Help in solving algorithm showing repeating figures - Java

If I understand your question well, what you want is to see how many times each digit is repeated in any natural number.

I can think of this solution (not the most efficient, but it works):

    public static void main(String[] args) {
        Scanner linea = new Scanner(System.in);
        long n;
        System.out.print("Introduce un número:\t");
        n = linea.nextLong();
        String num = String.valueOf(n);
        for(int d = 0; d < 10; d++) {
            int rep = 0;
            for(int i = 0; i < num.length(); i++) {
                if(Integer.valueOf(String.valueOf(num.charAt(i))) == d) {
                    rep++;
                }
            }
            if(rep > 0) {
                System.out.println(
                    String.format("El número %d se repite %d %s", 
                                  d, rep, (rep == 1 ? "vez" : "veces"))
                );
            }
        }
    }

I do not understand what you want to do with the if:

   if (digito > digito1) {

That would serve to find the largest digit, but that has no relevance here. It seems you had copied code from a different problem ...

In any case, you must store somewhere the number of times each digit is repeated. A comfortable way in this case is an array. For example:

 public static void imprimirRepetidos(long number) {
     int[] cont = new int[10]; // cuenta la cantidad de apariciones de cada digito
     int digito;
     while(number >0) {
         digito = (int) (number % 10);
         cont[digito]++;
         number /= 10;
     }
     for(digito=0;digito<10;digito++) {
         if(cont[digito]>1)
            System.out.println("El digito " + digito + " se repite " + cont[digito]+ " veces");
     }
}

Make sure you understand every part of the code.

Another topic, of terminology: do not mix "number", "number" and "digit". Each one of the figures that are used to represent a number in a certain base is called "digit" (it can be decimal, hexadecimal, binary, etc. - in this case, it is assumed decimal).
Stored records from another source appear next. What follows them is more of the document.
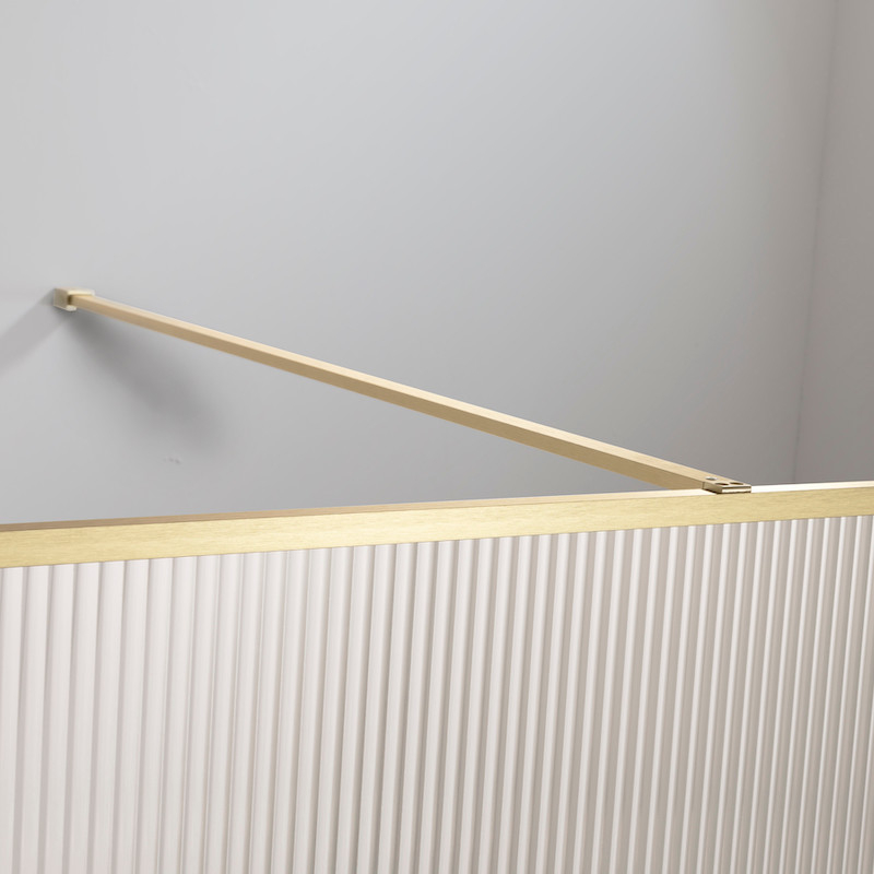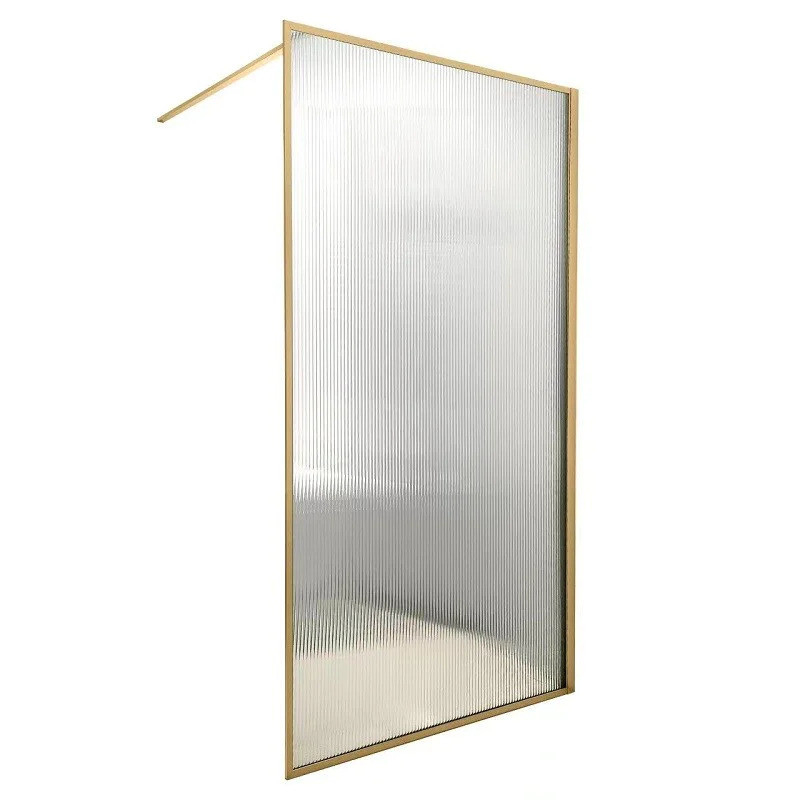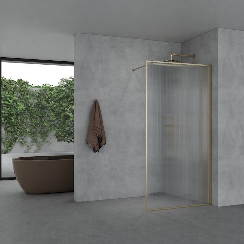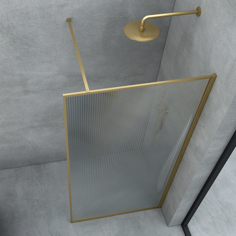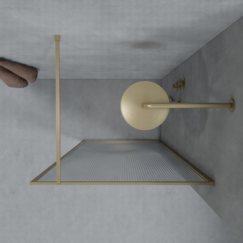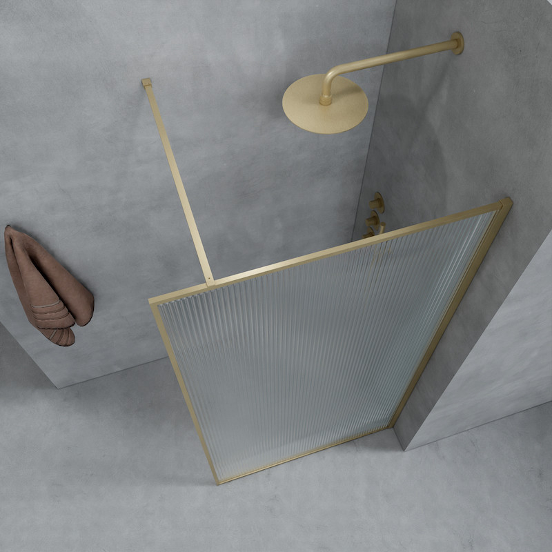 Deze Luxor douchewand is verkrijgbaar in twee trendy kleuren: geborsteld goud en matzwart. Het golvende glas zorgt met zijn verticale lijnen voor een uitgesproken vintage stijl.
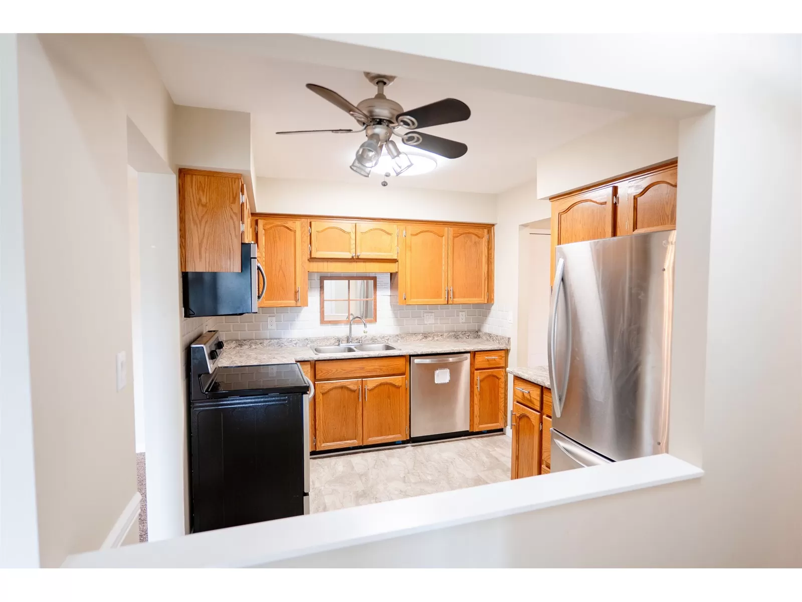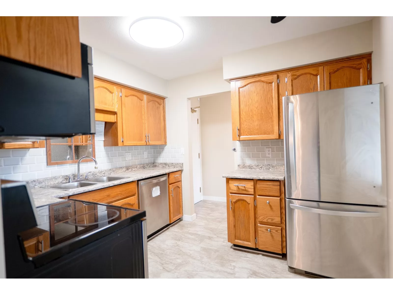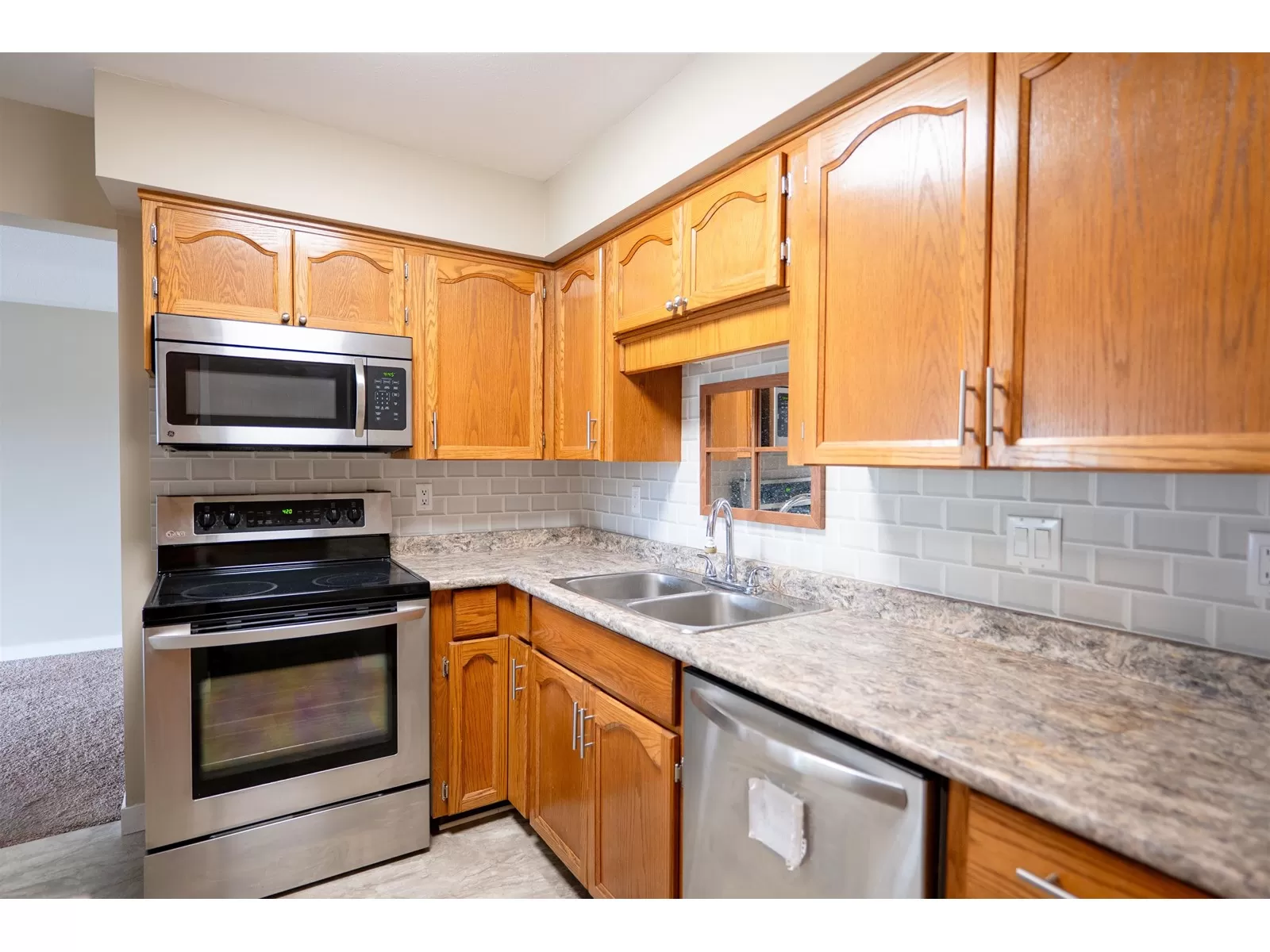 Well maintained and affordable retirement condo, 55+ age restriction. Refinished kitchen cabinets, new countertops, sink and taps as well as flooring, bathroom tub and surround and light fixtures have all been upgraded. Clean and well cared for, this is a delightful unit, set in a convenient location close to shopping. The hot and cold water lines have all been replaced in the entire building. Low strata fees include heat, water and hot water. This complex is well managed and has large storage unit, workshop, games room and meeting room. Roof and boiler have been recently replaced. (id:27476)
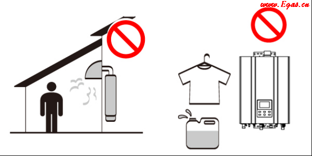 • ② 熱水器切勿安裝在浴室內(nèi)(平衡機(jī)除外),在車輛、船只上,切勿將熱水器暗裝。
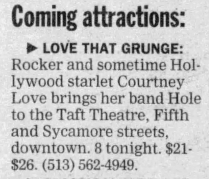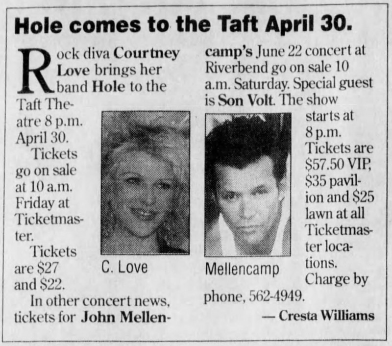• The first night of Hole’s U.S. tour for Celebrity Skin, after the failed Beautiful Monsters tour.
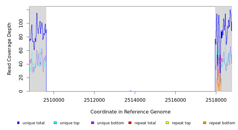 | seq id | start | end | size | ←reads | reads→ | gene | description | |||
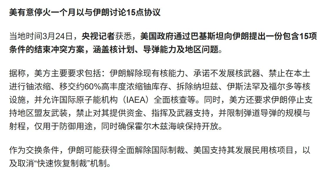 伊朗刚说不会谈判,美国就通过巴基斯坦,再向伊朗提出15条和谈要求 据央视新闻报道,美国通过巴基斯坦,向伊朗提出了一项和谈方案,其中包含了15条内容,为此美国愿意和伊朗先停火一个月,方便双方谈判。美拟推动停火1月 与伊朗和谈方案曝光 这场隔空递话的操作,藏着美国在中东局势里的多重算计,也让本就紧绷的地区博弈多了一层伪装的缓和色彩。近期美伊在霍尔木兹海峡周边的军事对峙持续升级,美军接连对伊朗境内的军事目标发起打击,伊朗也以对等行动做出强硬回应,双方的对抗已经进入白热化阶段,伊朗高层此前明确拒绝谈判,正是不愿在军事压力下接受不平等条款。 巴基斯坦成为这次传话的中间人,并非偶然选择。巴伊两国长期保持稳定的外交与经贸往来,同时巴基斯坦与美国也存在常规的安全沟通渠道,这样的双重身份让它具备了第三方斡旋的基础条件。美国放弃直接对话,转而借助第三方传递方案,本质上是不想放下霸权姿态,又想通过停火窗口期调整自身在中东的军事部署。 这份15条要求的核心指向十分清晰,全部戳中伊朗的国防与发展底线。方案要求伊朗彻底终止本土铀浓缩活动,移交高丰度浓缩铀库存,拆除多处核心核设施,同时全面限制弹道导弹的研发与部署,只保留基础防御能力。美国还要求伊朗停止对地区盟友的资金与武器支持,无条件保证霍尔木兹海峡的航运开放,这些条款几乎是要让伊朗放弃自主国防主权,完全妥协于美国的地区战略。 所谓一个月的停火期限,根本不是诚意求和的表现,更像是美国为自身争取缓冲时间的策略。白宫在释放谈判信号的同时,依旧在向中东增派海军力量与地面部队,军事打击行动也没有完全停止,这种边谈边压的做法,摆明了是想用短暂停火换取舆论主动,同时补充前线弹药与装备损耗,为后续更大规模的施压做准备。 伊朗的强硬态度有着现实的底层逻辑支撑。过往伊核协议的破裂让伊朗看清了美国的出尔反尔,任何涉及核心国防利益的让步,都可能让国家陷入安全被动。铀浓缩与导弹研发是伊朗维护自身主权的重要屏障,霍尔木兹海峡的控制权更是关乎国家能源安全与地区话语权,这些底线问题,伊朗不可能轻易松口。 全球能源市场也在为这场博弈买单,布伦特原油价格持续高位运行,国际航运成本不断上涨,霍尔木兹海峡作为全球能源运输的关键通道,任何局势波动都会传导至全球经济体系。美国看似在推动地区和谈,实际行动却在不断加剧动荡,完全无视中小国家的主权与全球共同利益。 这场由美国主导的间接谈判,从一开始就缺少平等对话的基础。15条苛刻要求搭配短暂停火的空头承诺,不过是美国霸权思维下的又一次施压手段,既没有尊重伊朗的主权诉求,也没有真正考虑中东地区的长久和平。 地区局势的走向,从来不是单一国家能强行操控的。平等协商、尊重主权才是化解冲突的唯一路径,靠霸权施压与虚假缓和,根本无法解决美伊之间的核心分歧,也难以让中东地区真正迎来稳定。 各位读者你们怎么看?欢迎在评论区讨论。

An alternative is to treat the number as a string (obviously validating before it is a number) and with longitudNumero - longitudPrimerasOcurrencias you would get the number of times it repeats. I'll give you an example:

Map<String, Integer> repeated = new LinkedHashMap<>();
        try(Scanner kb = new Scanner(System.in)) {
            System.out.print("Ingrese un número: ");
            // se asegura que sea un número
            Integer number = Integer.parseInt(kb.next());
            for(String n : String.valueOf(number).split("")) {
                // si el mapa no contiene el número procede
                if(!repeated.containsKey(n)) {
                    int numberLen = number.length();
                    int replacesLen = number.replace(n, "").length();
                    int ocurrences = (numberLen - replacesLen);
                    if(ocurrences > 1) {
                        repeated.put(n, ocurrences);
                    }
                }
            }
        } catch(NumberFormatException e) {
            System.out.println("No se ha ingresado un número");
            System.exit(-1);
        }
        for(Map.Entry<String, Integer> entry : repeated.entrySet()) {
            System.out.printf("\nEl número %s se repite %d veces",
                                entry.getKey(), entry.getValue());
        }
        System.out.println();

Exit:

Ingrese un número: 471757347

El número 4 se repite 2 veces
El número 7 se repite 4 veces

In this case, an analysis of the problem leads to a simple solution:

The digits that can be repeated are 0,1,2,3,4,5,6,7,8,9

A variable that takes the count of its repetitions is needed for each digit. For example:

int numeroRepeticionesDigito0 = 0;
//...
int numeroRepeticionesDigito9 = 0;

Now, I see that you already have the way to get each digit separately. It only remains to verify within the cycle that digit is the current one, and increase its variable by one, which can be done with a switch control structure:

switch (digito)
{
    case 0: numeroRepeticionesDigito0++; break;
    case 9: numeroRepeticionesDigito9++; break;
}

And after the cycle finishes, show the value of each one of the variables that carry the total of repetitions. In this case, as I suppose it is a task, I prefer not to show the complete code, but the idea is that, without using advanced instructions, nothing but a structure of repetition (while) and a control (switch). For these kinds of problems, I suggest you analyze the mental process of how you would solve it, and then try to translate that mental process into code.